**Work to be completed**
What's needed is the listing below, repeated word for word with no pictures.

**Data extracts**
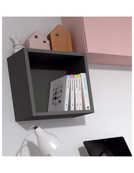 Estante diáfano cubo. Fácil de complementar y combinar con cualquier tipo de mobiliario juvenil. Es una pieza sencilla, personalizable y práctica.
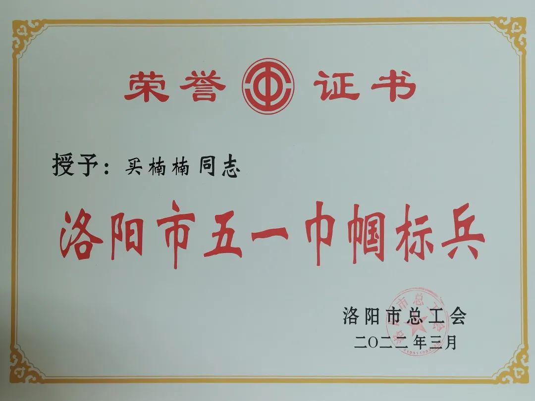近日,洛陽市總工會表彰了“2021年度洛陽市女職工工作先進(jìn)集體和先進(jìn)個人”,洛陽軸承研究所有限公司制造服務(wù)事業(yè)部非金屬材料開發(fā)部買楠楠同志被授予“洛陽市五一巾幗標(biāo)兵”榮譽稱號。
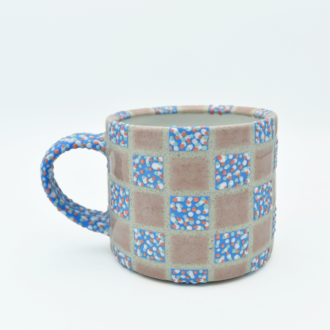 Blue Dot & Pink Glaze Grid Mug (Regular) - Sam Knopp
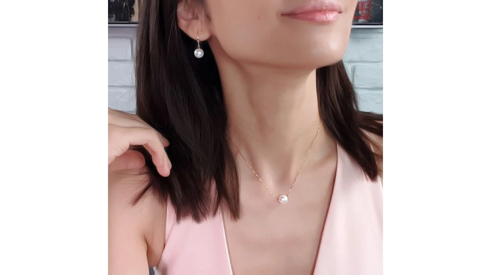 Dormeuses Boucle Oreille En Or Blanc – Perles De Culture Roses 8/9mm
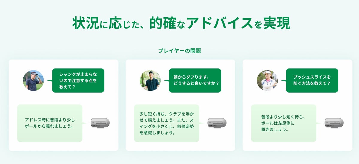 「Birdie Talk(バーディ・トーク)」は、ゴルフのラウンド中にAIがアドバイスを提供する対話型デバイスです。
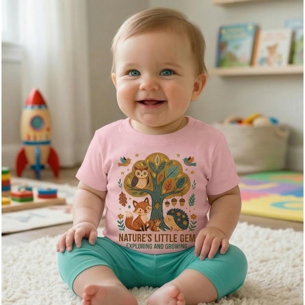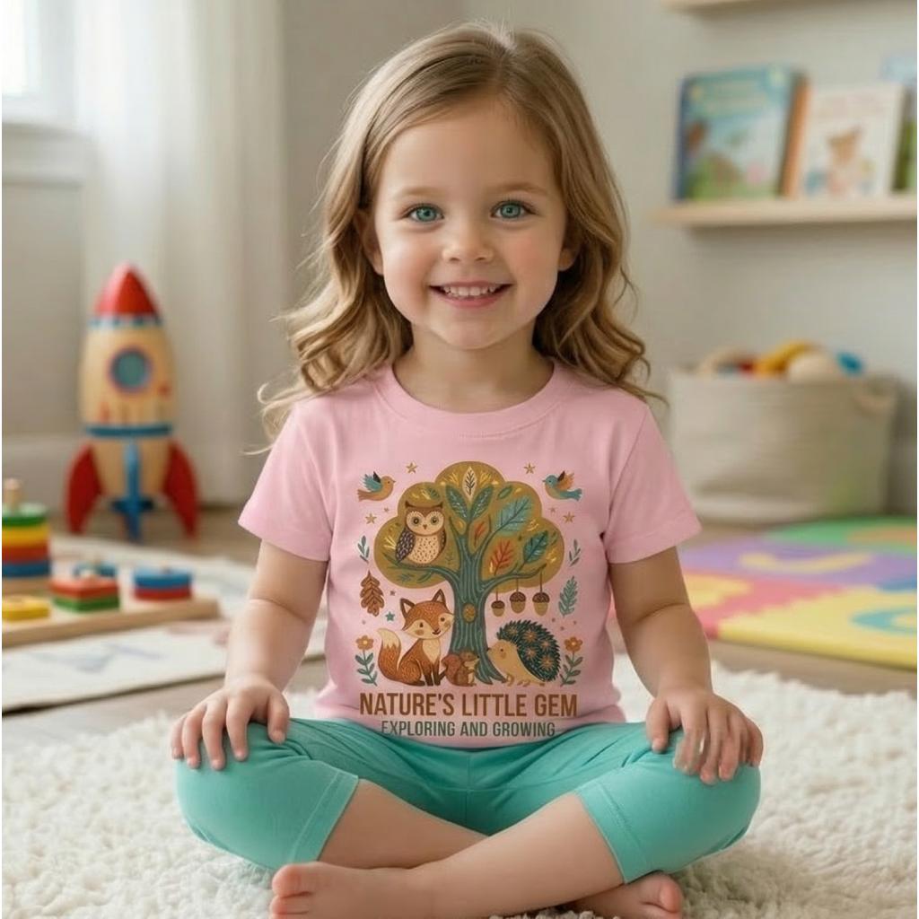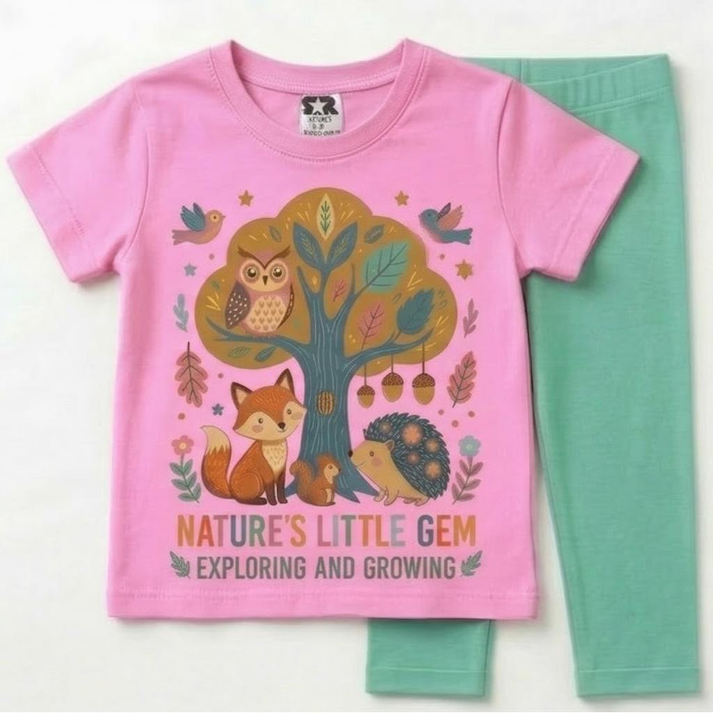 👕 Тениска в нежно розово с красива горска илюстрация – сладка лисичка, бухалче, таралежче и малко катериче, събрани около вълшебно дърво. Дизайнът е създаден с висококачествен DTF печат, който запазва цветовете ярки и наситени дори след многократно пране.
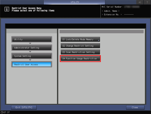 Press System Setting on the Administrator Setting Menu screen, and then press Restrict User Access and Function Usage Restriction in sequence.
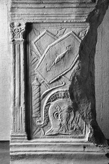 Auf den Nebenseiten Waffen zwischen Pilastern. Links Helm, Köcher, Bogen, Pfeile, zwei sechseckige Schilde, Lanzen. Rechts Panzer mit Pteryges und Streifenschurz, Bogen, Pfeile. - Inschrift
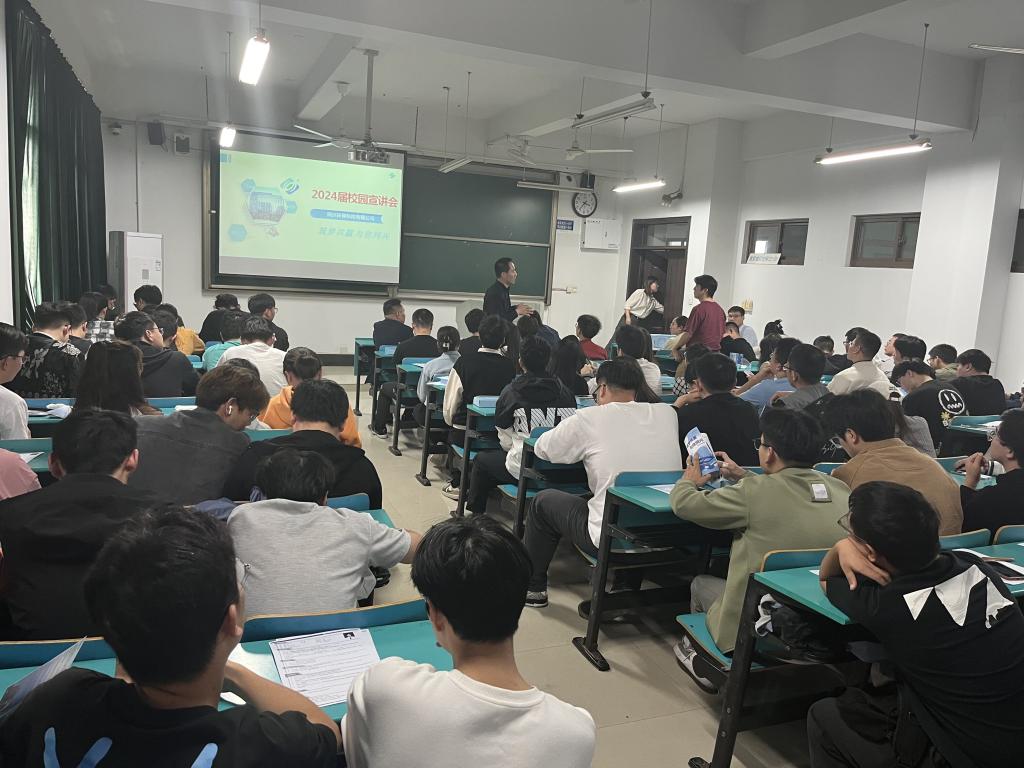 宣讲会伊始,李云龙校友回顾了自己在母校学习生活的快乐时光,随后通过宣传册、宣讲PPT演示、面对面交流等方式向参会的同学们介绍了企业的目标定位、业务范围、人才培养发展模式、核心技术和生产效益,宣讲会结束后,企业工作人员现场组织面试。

**Your solution**
 Estante diáfano cubo. Fácil de complementar y combinar con cualquier tipo de mobiliario juvenil. Es una pieza sencilla, personalizable y práctica.
近日,洛陽市總工會表彰了“2021年度洛陽市女職工工作先進(jìn)集體和先進(jìn)個人”,洛陽軸承研究所有限公司制造服務(wù)事業(yè)部非金屬材料開發(fā)部買楠楠同志被授予“洛陽市五一巾幗標(biāo)兵”榮譽稱號。
 Blue Dot & Pink Glaze Grid Mug (Regular) - Sam Knopp
 Dormeuses Boucle Oreille En Or Blanc – Perles De Culture Roses 8/9mm
 「Birdie Talk(バーディ・トーク)」は、ゴルフのラウンド中にAIがアドバイスを提供する対話型デバイスです。
 👕 Тениска в нежно розово с красива горска илюстрация – сладка лисичка, бухалче, таралежче и малко катериче, събрани около вълшебно дърво. Дизайнът е създаден с висококачествен DTF печат, който запазва цветовете ярки и наситени дори след многократно пране.
 Press System Setting on the Administrator Setting Menu screen, and then press Restrict User Access and Function Usage Restriction in sequence.
 Auf den Nebenseiten Waffen zwischen Pilastern. Links Helm, Köcher, Bogen, Pfeile, zwei sechseckige Schilde, Lanzen. Rechts Panzer mit Pteryges und Streifenschurz, Bogen, Pfeile. - Inschrift
 宣讲会伊始,李云龙校友回顾了自己在母校学习生活的快乐时光,随后通过宣传册、宣讲PPT演示、面对面交流等方式向参会的同学们介绍了企业的目标定位、业务范围、人才培养发展模式、核心技术和生产效益,宣讲会结束后,企业工作人员现场组织面试。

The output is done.